A few days ago, I wrote about the demise of the rake. Now, another old-time implement appears destined to bite the dust...
RICHMOND, Va. – What's black and white and read all over? Not the white pages, which is why regulators have begun granting telecommunications companies the go-ahead to stop mass-printing residential phone books, a musty fixture of Americans' kitchen counters, refrigerator tops and junk drawers.
In the past month alone, New York, Florida and Pennsylvania approved Verizon Communications Inc.'s request to quit distributing residential white pages. Residents in Virginia have until Nov. 19 to provide comments on a similar request pending with state regulators.
So, there's one more thing in your junk drawer that will disappear. Besides, who knows anybody's phone number anymore? I don't, and couldn't tell you the phone numbers of the people in my cell phone's directory if you held a loaded gun to my head. They go in, and when the phone rings, their name comes up. When I call somebody, I look them up by name.
And a survey conducted for SuperMedia Inc. by Gallup shows that between 2005 and 2008, the percentage of households relying on stand-alone residential white pages fell from 25 percent to 11 percent. Dallas-based SuperMedia, which publishes Verizon's telephone directories, has instead focused on its yellow pages and paid advertising listings and their online equivalents.
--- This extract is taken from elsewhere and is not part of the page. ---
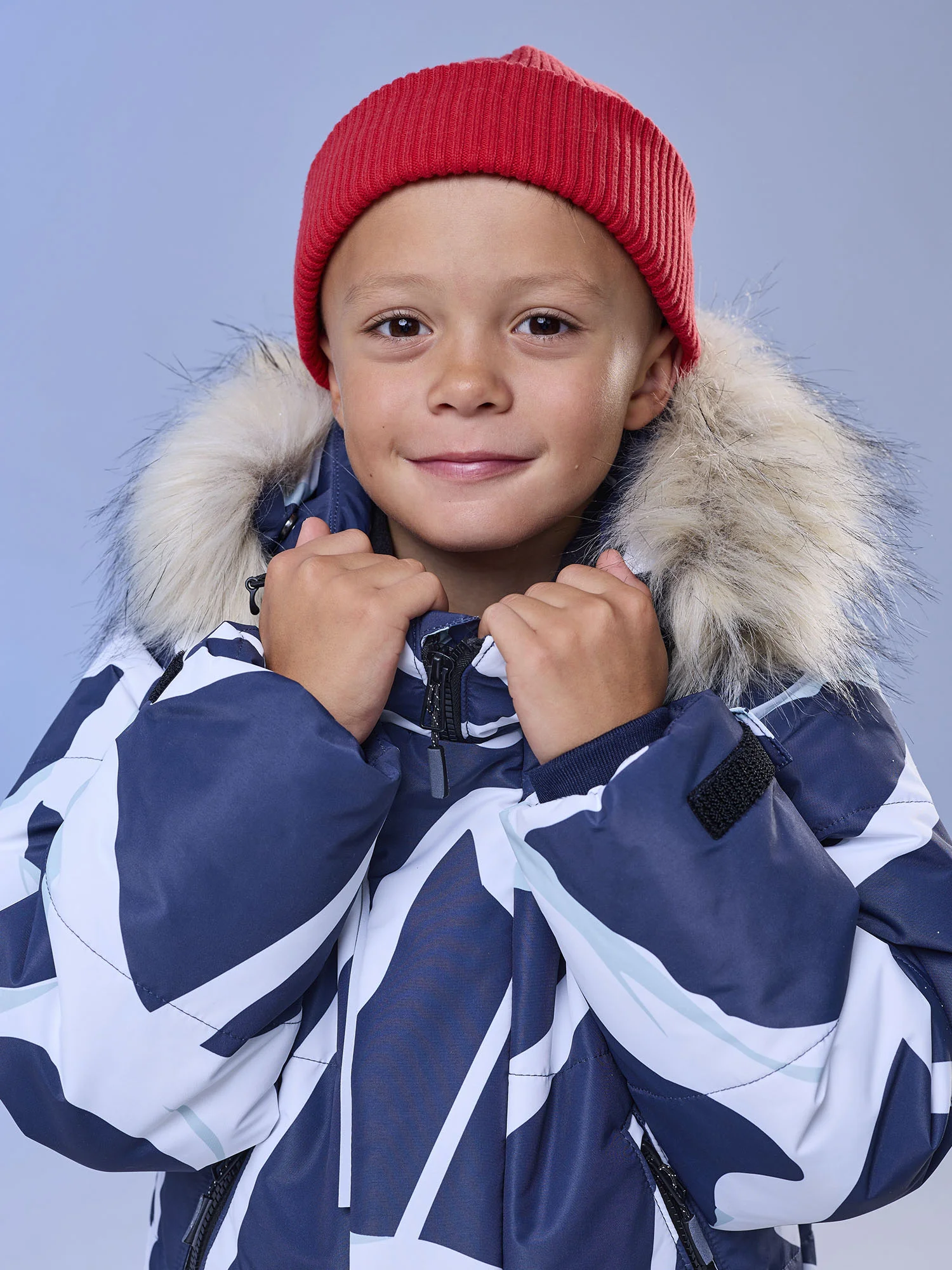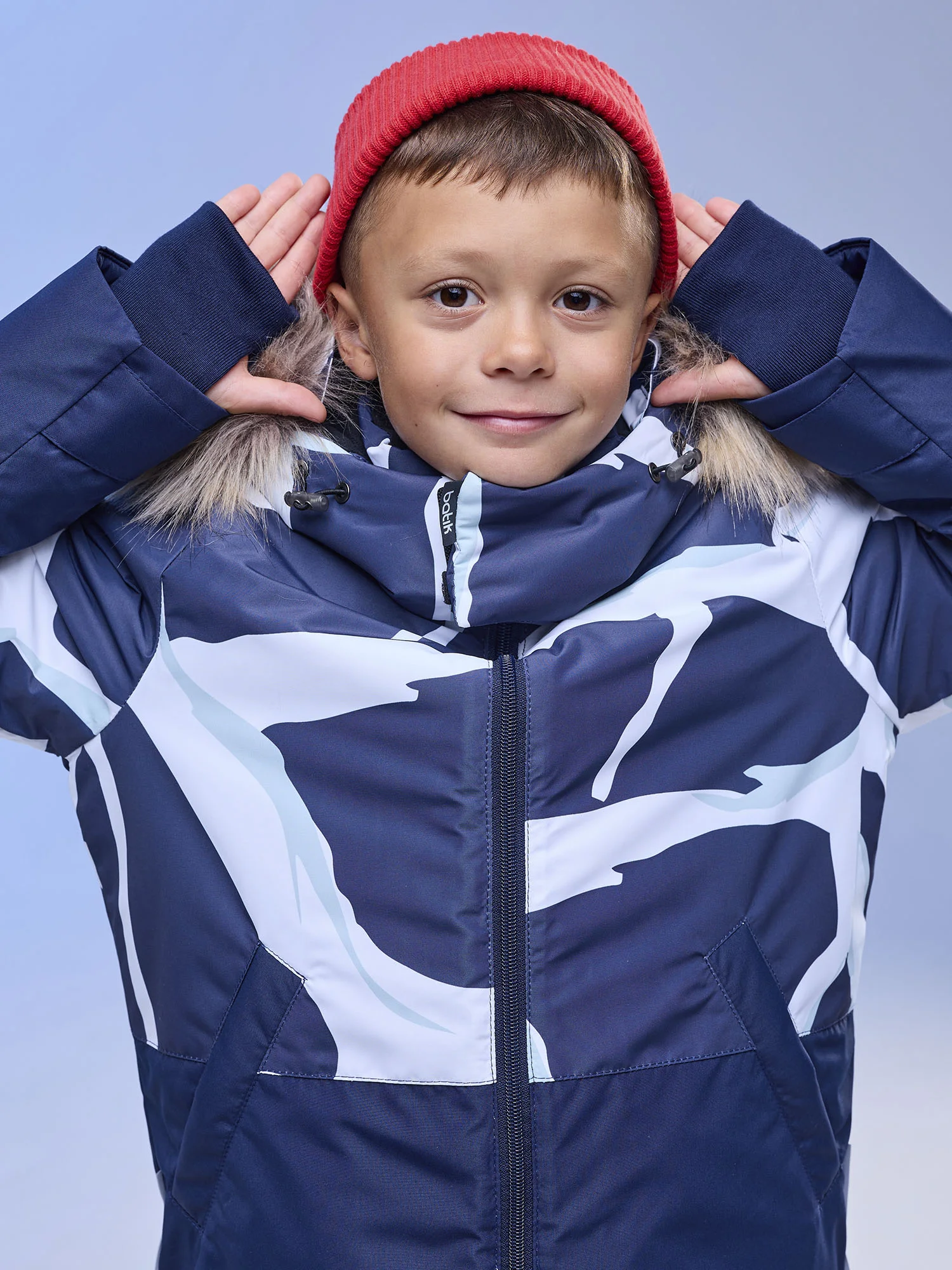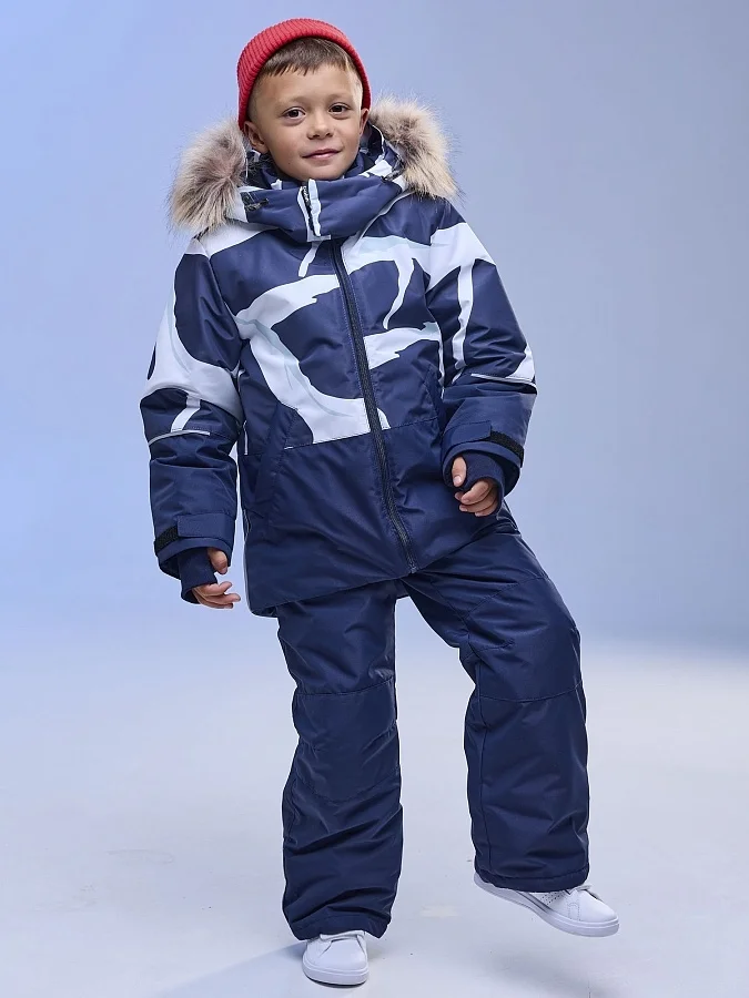 Комплект для мальчика "Дерек" с графичным синим принтом — это выбор активных детей. Яркий дизайн мембранной ткани сочетает в себе спортивный характер и городской стиль, идеально подходя для зимних приключений.

I don't know where this is all going, but if they asked me, I'd tell them to give me a CD with the phone listings on it, and I'll load it into my PC and look up numbers that way. I use the Yellow Pages on occasion, but why do I need a bulky book in my house when I can have a thin CD? If some old-timer wants a phone book, let him pay for it or special-order it.
It will wind up in a closet with his Rolodex, handwritten personal phone book and his TV Guide collection. Let's move it along, gang.